Three. Relevant suggestions
(a) truthfully fill in the real purpose of borrowing new loans to repay old loans
In the process of borrowing the new and returning the old, in addition to not inventing the purpose of the loan, it is also necessary to make it clear to the guarantor to avoid the guarantor asking for exemption on the grounds that "the two sides colluded maliciously and constituted fraud". It is suggested that the "loan purpose" column in the loan application, loan contract and guarantee contract should directly indicate that "this loan is used to repay the loan principal owed by the borrower to the lender under the contract number", so as to ensure the legality and effectiveness of repayment.
(2) Don't be lazy for the purpose of borrowing the new and returning the old.
In view of the fact that the current legislation involves little about replacing the old with the new, and there are different judgments in different places, in order to avoid the risk of judicial judgment and prevent the guarantor from being exempted from the guarantee responsibility in judicial practice, banks should standardize the loan operation and pay attention to the preservation of evidence.
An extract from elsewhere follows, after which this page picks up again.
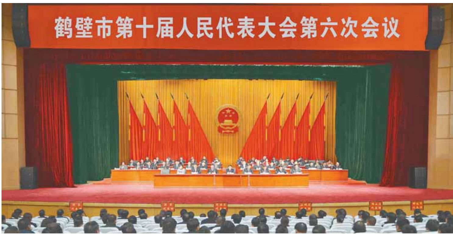
鹤壁市第十届人民代表大会第六次会议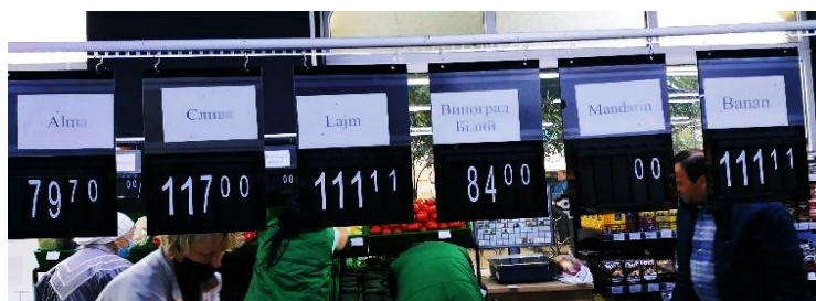
Фото 8. Перелік фруктів в «Амбарі» (Берегове) кількома мовами

У Берегові функціонує один місцевий супермаркет, який отримав назву « Piramis » («Піраміда»). У його написах та рекламах часто з'являється угорська мова, власником закладу є угорець за національністю.

Banks and borrowers borrow new loans to repay old ones. In the case that both old and new loans have guarantors, whether the guarantors are the same person or different people, it is necessary to specify whether "borrowing new loans to repay old ones" or "repaying loans with loans" in the purpose of the loan contract, or let the guarantors know whether the loans made by banks and borrowers are borrowed new ones to repay old ones when signing the contract.
(3) Implement safeguard measures
Due to the particularity of borrowing the new and returning the old, the guarantee of the loan must ensure its effectiveness. If the original loan is a secured loan, you need to go through the guarantee procedures again. The risk of the new guarantee method cannot be higher than that of the original guarantee method. If the original loan is not guaranteed, it is necessary to issue a new guarantee to ensure that the guarantee is fully effective.
(4) Carefully deduct the guarantor's deposit account.
In the bank loan business, in order to recover the loan safely and quickly, the bank usually directly deducts the loan principal and interest from the debtor's deposit account, but the bank must pay attention to the legality and evidence when directly deducting. It is suggested that the bank must reach a deduction agreement with the debtor before directly deducting the loan principal and interest, and keep written evidence, such as the authorization letter for entrusted transfer payment or the deduction agreement.
3. Why do individuals and banks lose?
There is not enough evidence to show that the bank is at fault.
Fourth, seek the case that the bank lost the case.
Hehe, there are more cases in which banks lose cases, and the case books in bookstores are ten cents a dozen.